Fink and Bazin said those and other issues are being resolved with the state employing more than two dozen people working to identify and resolve problems.

"We are making meaningful steps to take care of them and resolve them," Fink said.

But the picture painted by Fink and the state contractors, Ohana Health Plan and Evercare Quest Expanded Access, was challenged by Richard Bettini, chief executive of the Waianae Coast Comprehensive Health Center. Ohana is a unit of WellCare Health Plans of Florida and Evercare is part of UnitedHealth Group Inc.

"There's a huge disconnect here," said Bettini, explaining the change to managed care through QExA had caused upheaval for patients and center workers.

Bettini has yet to sign up to become a provider with Ohana or Evercare and had been telling patients they might have to find someone who is part of the plan networks for their healthcare needs.

REIMBURSEMENT ISSUE

Several other healthcare centers, including Waimanalo Health Center, have said they don't want to work with for-profit health plans and question whether enough specialists have signed up.
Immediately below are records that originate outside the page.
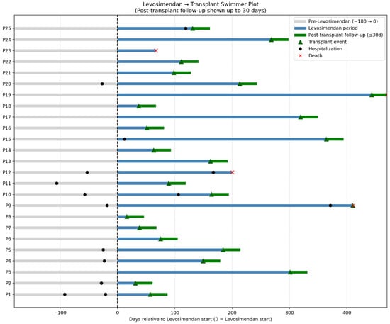 The individual trajectories from six months before levosimendan initiation through transplantation and 30-day post-transplant follow-up are shown in Figure 3. This swimmer plot illustrates the duration of levosimendan therapy, timing of transplantation, and early post-transplant outcomes, including survival or death within 30 days.
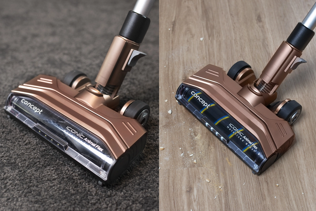 S tyčovým vysávačom Iconic Aimal Flex VP6120 povysávate tvrdé podlahy i koberce. Podlahová hubica je vybavená vlastným pohonom, ktorý zvyšuje saciu silu, takže dosiahnete vysoko efektívne upratovanie za oveľa kratšiu dobu. Vyberať môžete z 2 kefiek, takže si poradí naozaj s každým povrchom. Carpet kefa je tvorená kombináciou štetín a gumových lamiel a je vhodná na všetky druhy podláh vrátane kobercov. Pokiaľ vo vašej domácnosti prevládajú tvrdé podlahy, odporúčame nasadiť HardFloor kefu. Vďaka mäkkému povrchu so špeciálnymi vláknami je veľmi šetrná k vašim podlahám a dokáže zachytiť až 3x viac nečistôt vrátane miniatúrnych častíc.
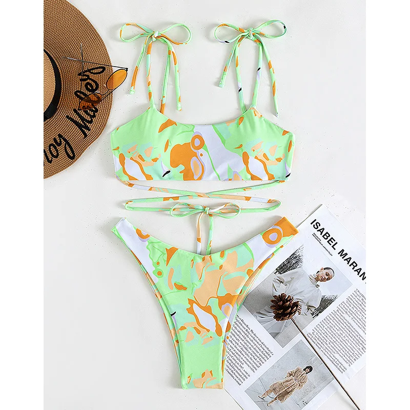 Купальники COOBBU с высоким вырезом, женский купальник пуш-ап, бикини с желтым принтом 2022, сексуальные купальные костюмы, летняя пляжная одежда, новое бикини
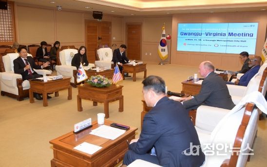강기정 광주광역시장은 18일 오후 시청 비즈니스룸에서 미국 버지니아주 장관 등과 만나 ‘농업 및 푸드테크 분야 협력을 위한 간담회’를 진행했다.
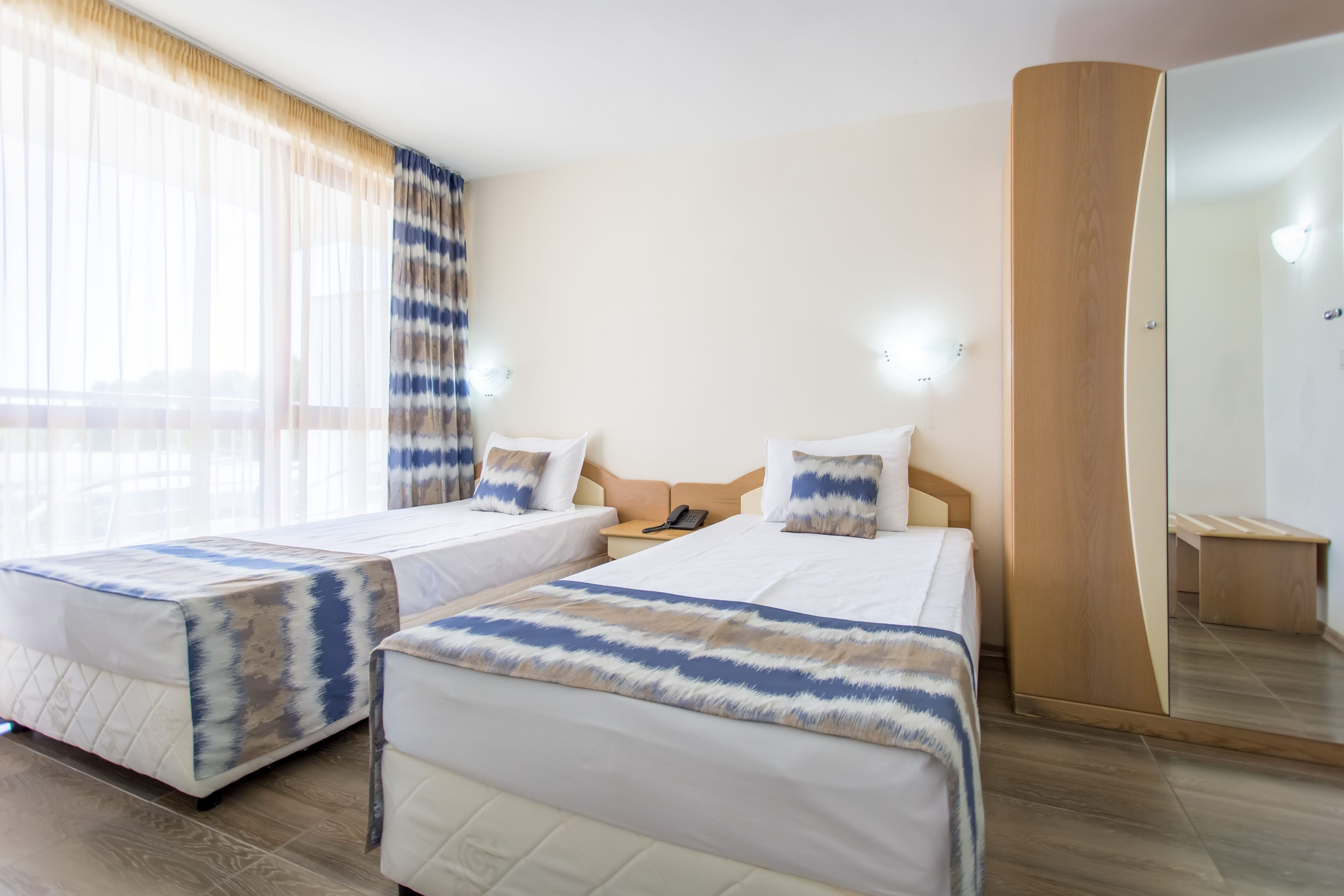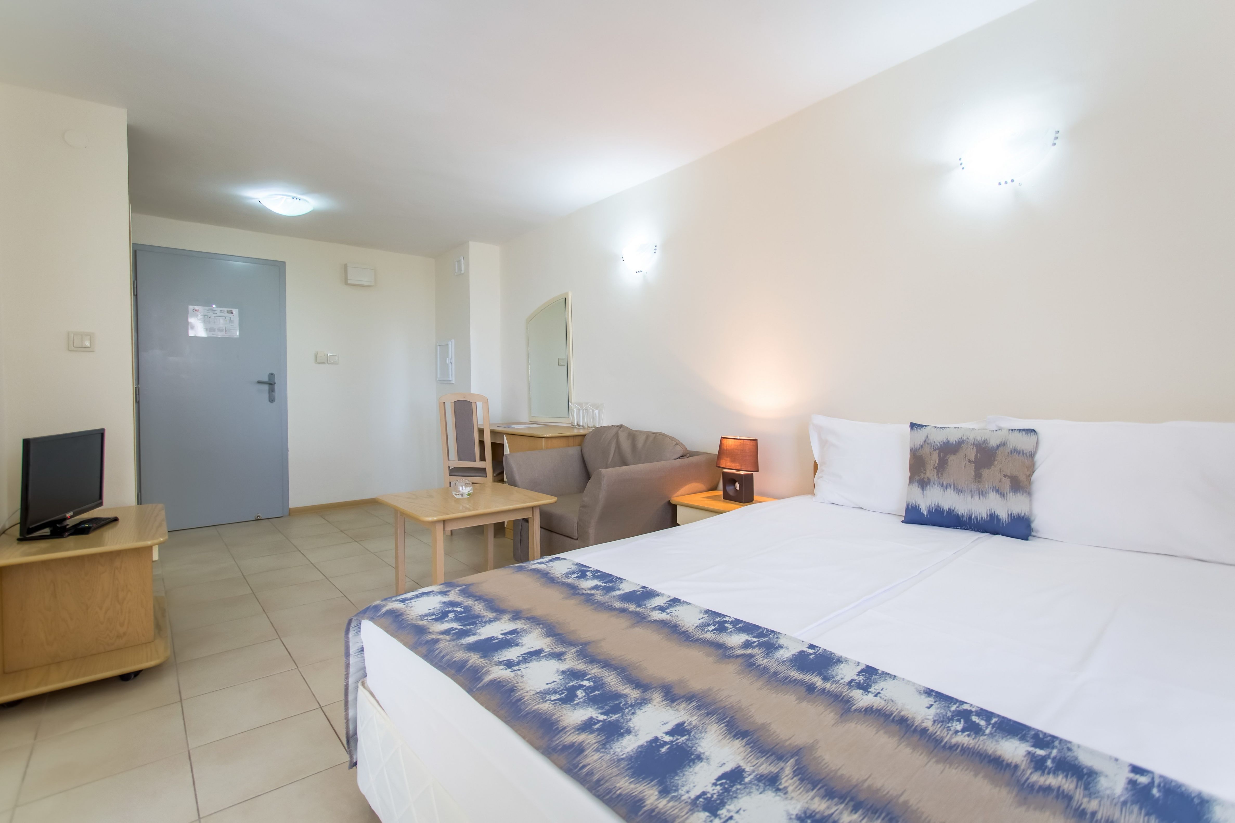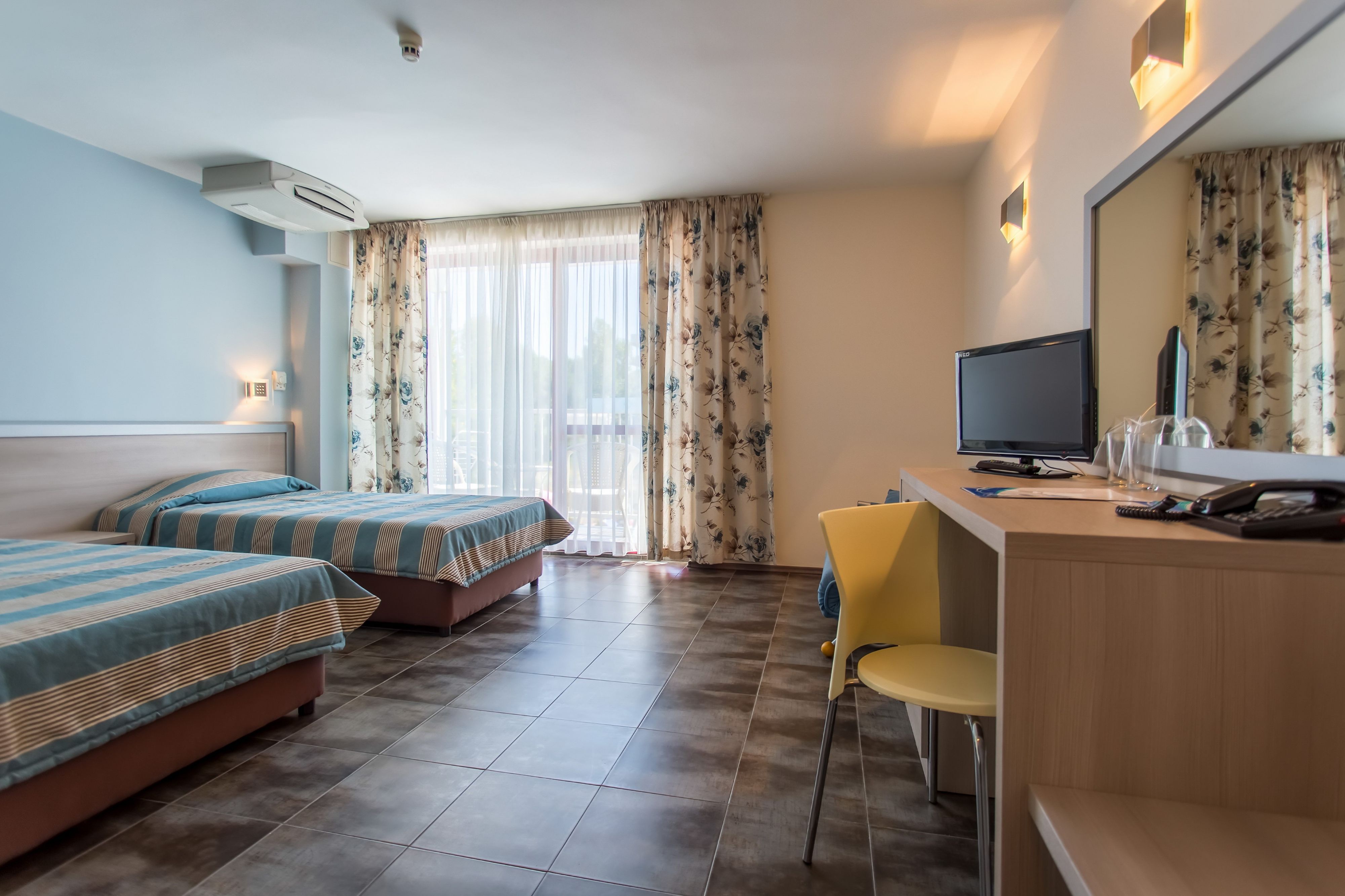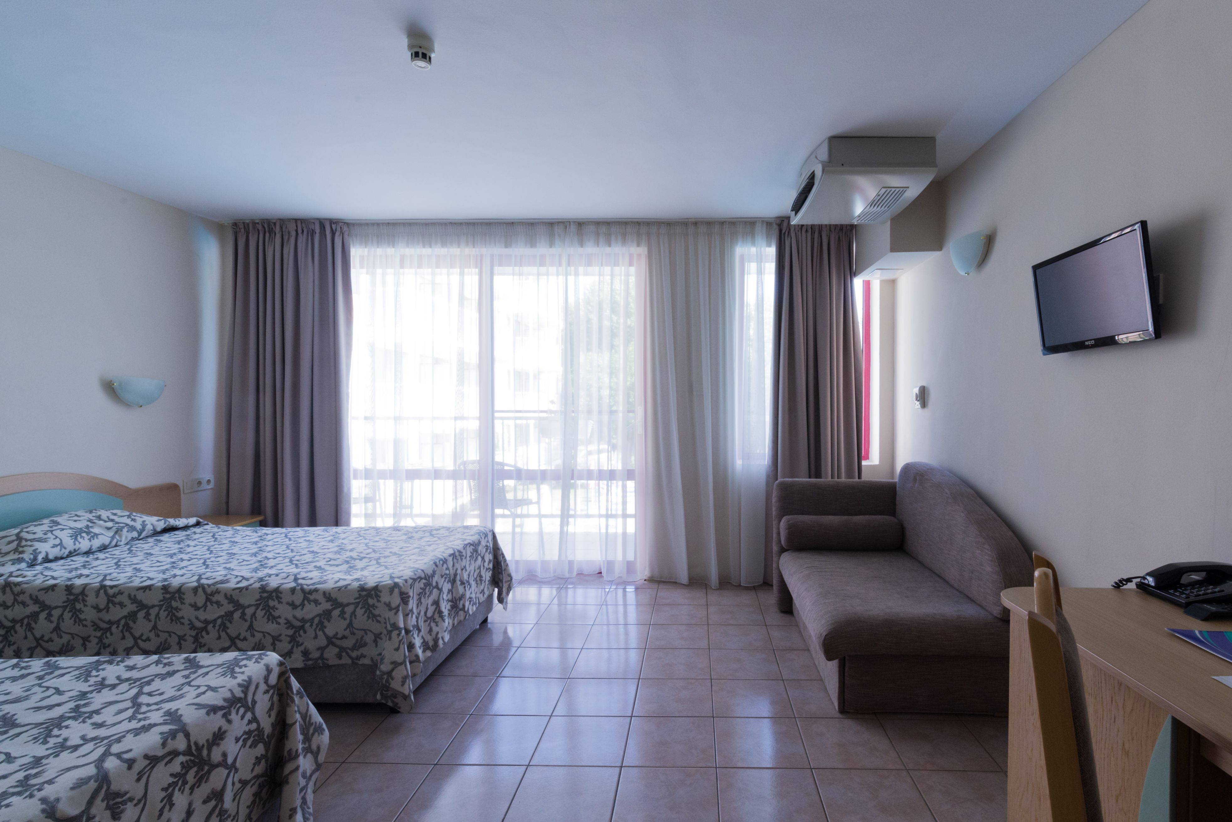 Toate camerele dispun de aer conditional centralizat, mini frigider, telefon, tv prin satelit, Wi-Fi, balcon cu masa si scaune, plasa de tantari, baie cu dus, uscator de par.

Bettini learned during the hearing that his patients won't have to go to elsewhere if he doesn't agree to become a part of Ohana or Evercare networks.

The state said Medicaid requires patient access to federally qualified health centers and as such, Waianae Comprehensive will continue to be reimbursed for services, though it may take longer than being part of Ohana's or Evercare's network.

The reimbursement issue also has been looked at by Faith Action for Community Equity, a group that has questioned whether the state should have contracted with WellCare or UnitedHealth, both of which have dealt with fraud allegations in other states. Last week, the federal government ordered WellCare to stop enrolling new customers in Medicare-backed drug and medical plans.

"We have become aware of some real issues with the parent companies of Ohana and Evercare," said the Rev. Bob Nakata, FACE president.

"That's something the committee should continue to monitor."

The state acknowledged it was aware of WellCare's Medicare issue, but that it did not affect operation of Hawai'i's Medicaid program and that it would be monitoring reimbursement practices of both Ohana and Evercare.